** WHAT YOU SHOULD DO **
I need the lines from the one containing "如果剝線長度過短,或者線纜沒" through the last line of the entries retyped exactly, with no pictures among them.

§ §

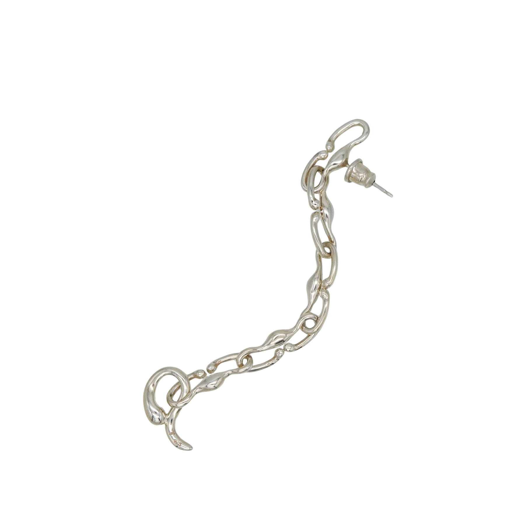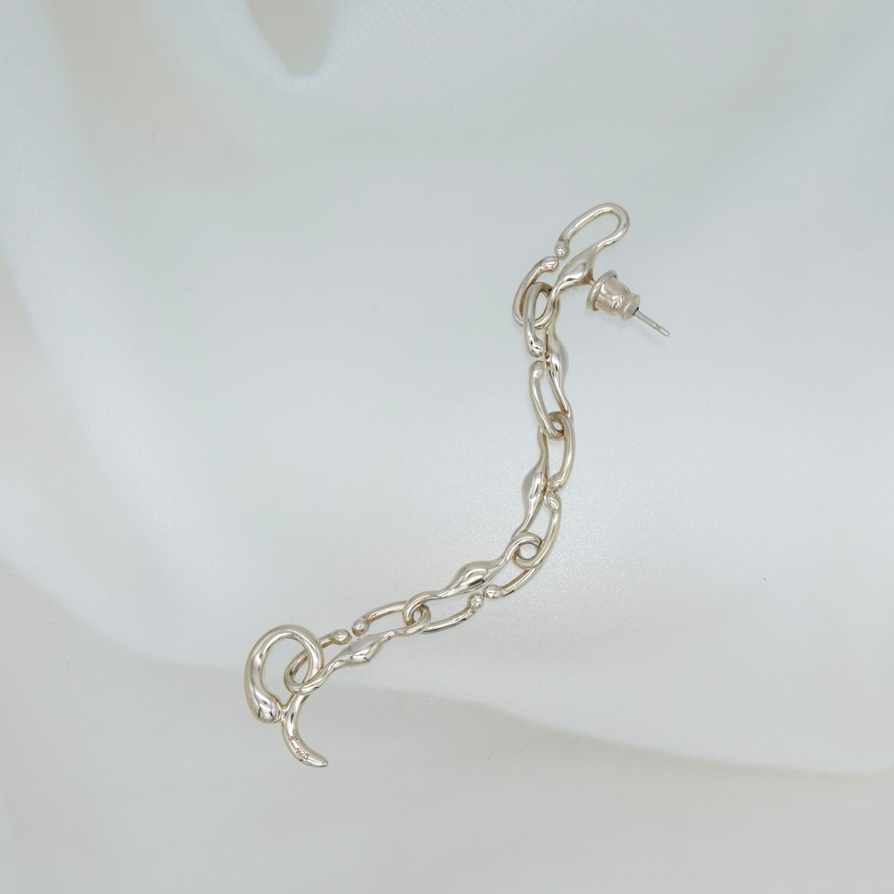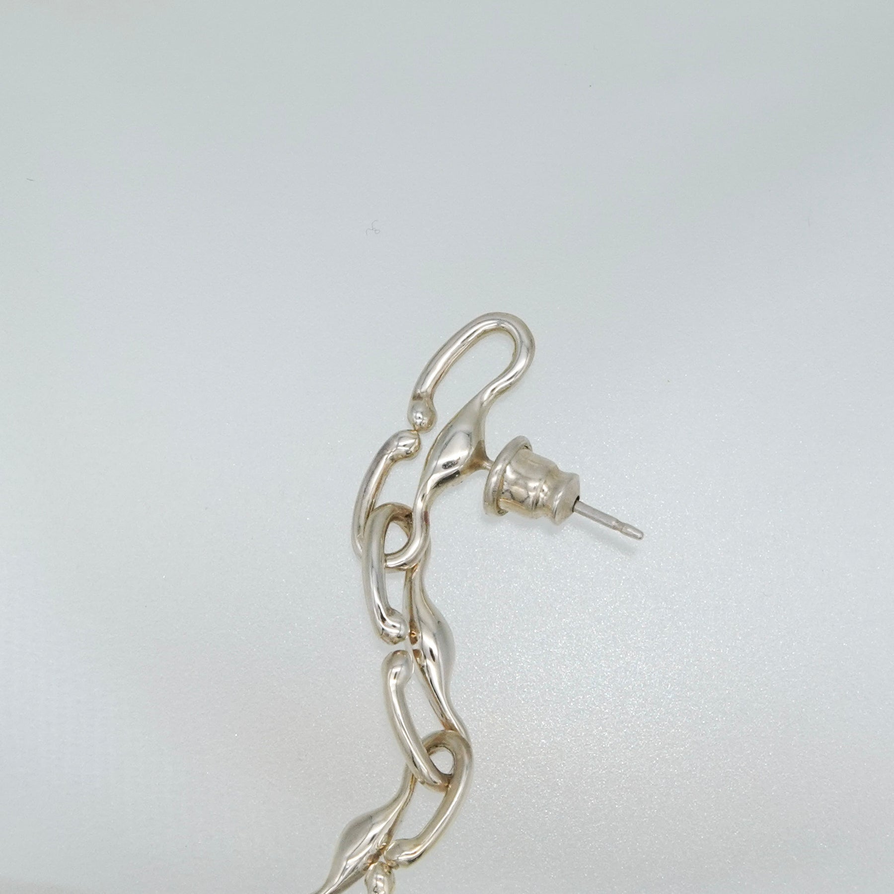 有機的なパーツが連なり、縦方向へ流れるラインが印象的なドロップピアスです。
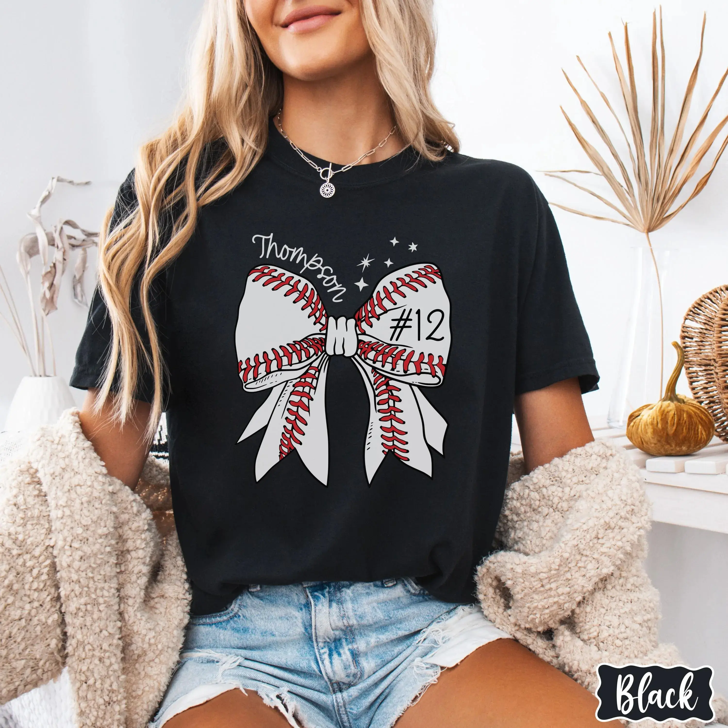 Custom Baseball Number Shirt, Baseball Bow Tee, Personalized Baseball Player Shirt, Baseball Fan Gift, Sports Mom, Game Day
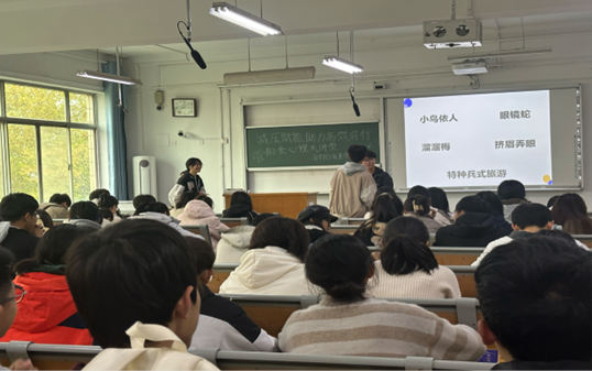 活动特邀请教育科学学院心理学研究生陈明琦学姐进行讲座。活动伊始,陈明琦学姐首先指明了这次活动的主题:缓解压力,释放活力,学会如何将压力转化为动力,提升自己的学习效率,增强自我调节能力。随后,主讲人通过一个默契考验的破冰游戏,增进彼此的了解,创造轻松的环境。她强调,日常生活中每个人都有压力,若你一直被压力所控制被压力左右,往往会陷入压力的漩涡,失去喘息的机会。若你学会用适当的压力来激励自己,则能轻松快乐地面对生活。活动过程中,主讲人频繁地与同学们互动,鼓励同学们参与其中,通过游戏、观看视频等方式科普压力知识,懂得缓解压力的重要性。活动最后,在同学们的积极配合下,本次阳光心理大讲堂讲座活动圆满结束。
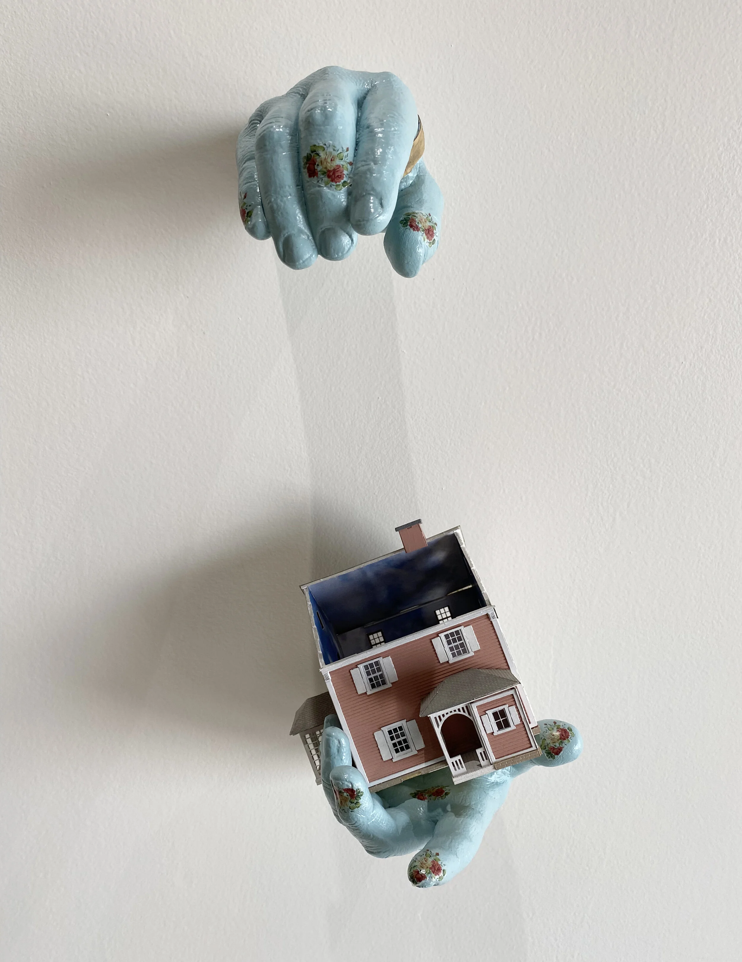 Working Hands Series (Floating on Air, Jack of All Trades, Home Sweet Home, My Cup of Tea, Ton of Bricks, Cut Loose), 2021-2025; Cast plastic and mixed media, 9’ x 2’ x 1’
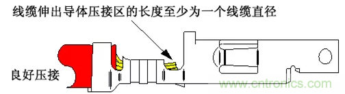 如果剝線長度過短,或者線纜沒有完全插入導(dǎo)體指定的壓接區(qū),端接有機會不能達(dá)到規(guī)定的拉拔力, 因為線纜與端子之間的金屬接觸減少了。
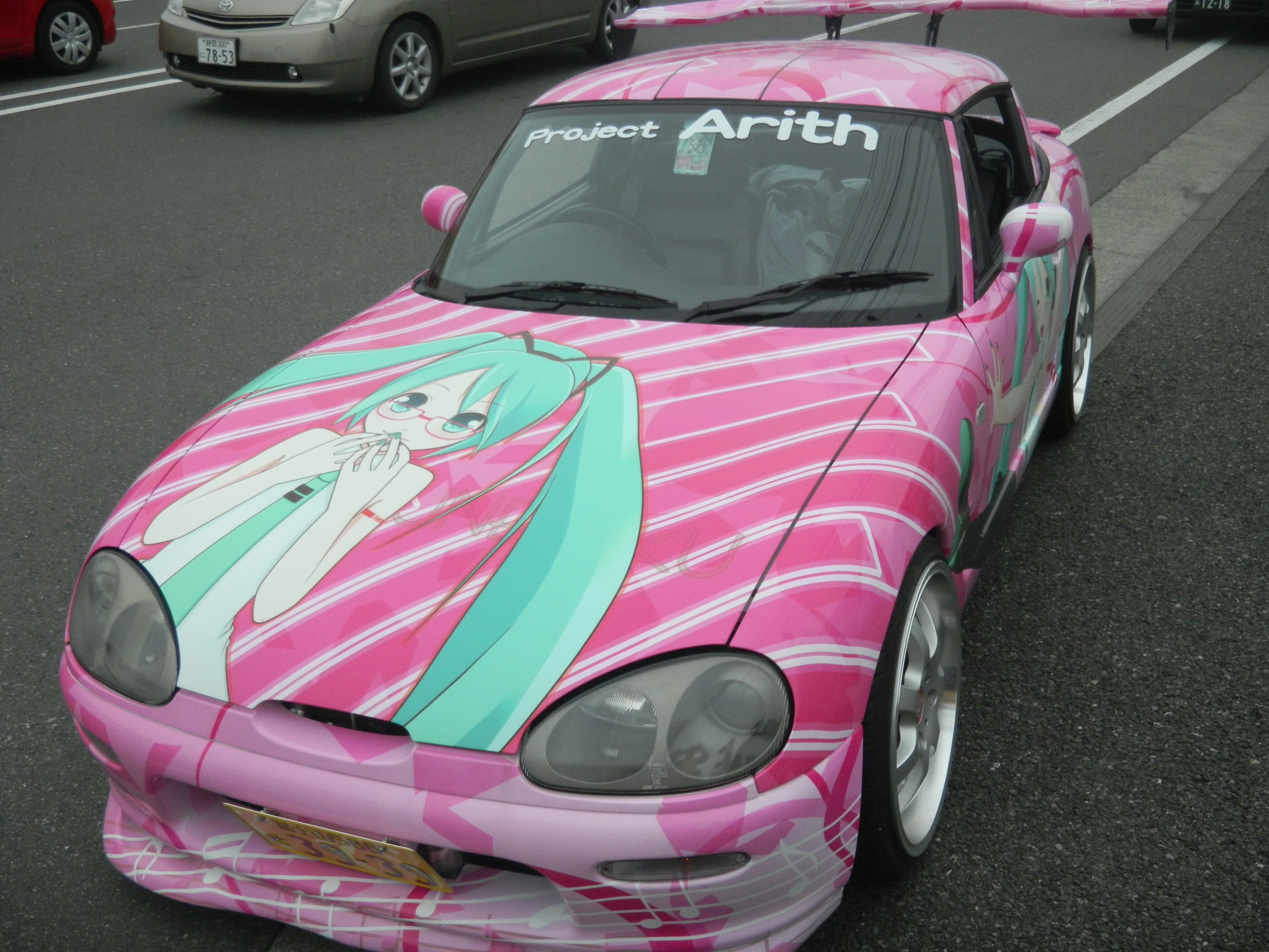 Left: This Miku car was parked out in front of the event. Right: The Twin Messe, where the event was held.
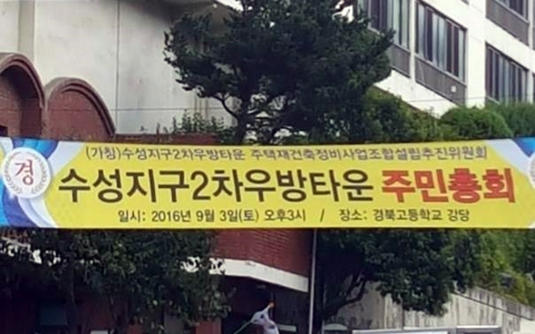 2일 대구 수성구청 및 수성지구우방타운2차 정비사업조합 설립추진위원회(이하 추진위) 등에 따르면 추진위는 내일(3일) 오후 3시 단지 인근에 위치한 경북고등학교 강당에서 주민총회를 개최한다.

§ §

** TASK SOLUTION **
 如果剝線長度過短,或者線纜沒有完全插入導(dǎo)體指定的壓接區(qū),端接有機會不能達(dá)到規(guī)定的拉拔力, 因為線纜與端子之間的金屬接觸減少了。
 Left: This Miku car was parked out in front of the event. Right: The Twin Messe, where the event was held.
 2일 대구 수성구청 및 수성지구우방타운2차 정비사업조합 설립추진위원회(이하 추진위) 등에 따르면 추진위는 내일(3일) 오후 3시 단지 인근에 위치한 경북고등학교 강당에서 주민총회를 개최한다.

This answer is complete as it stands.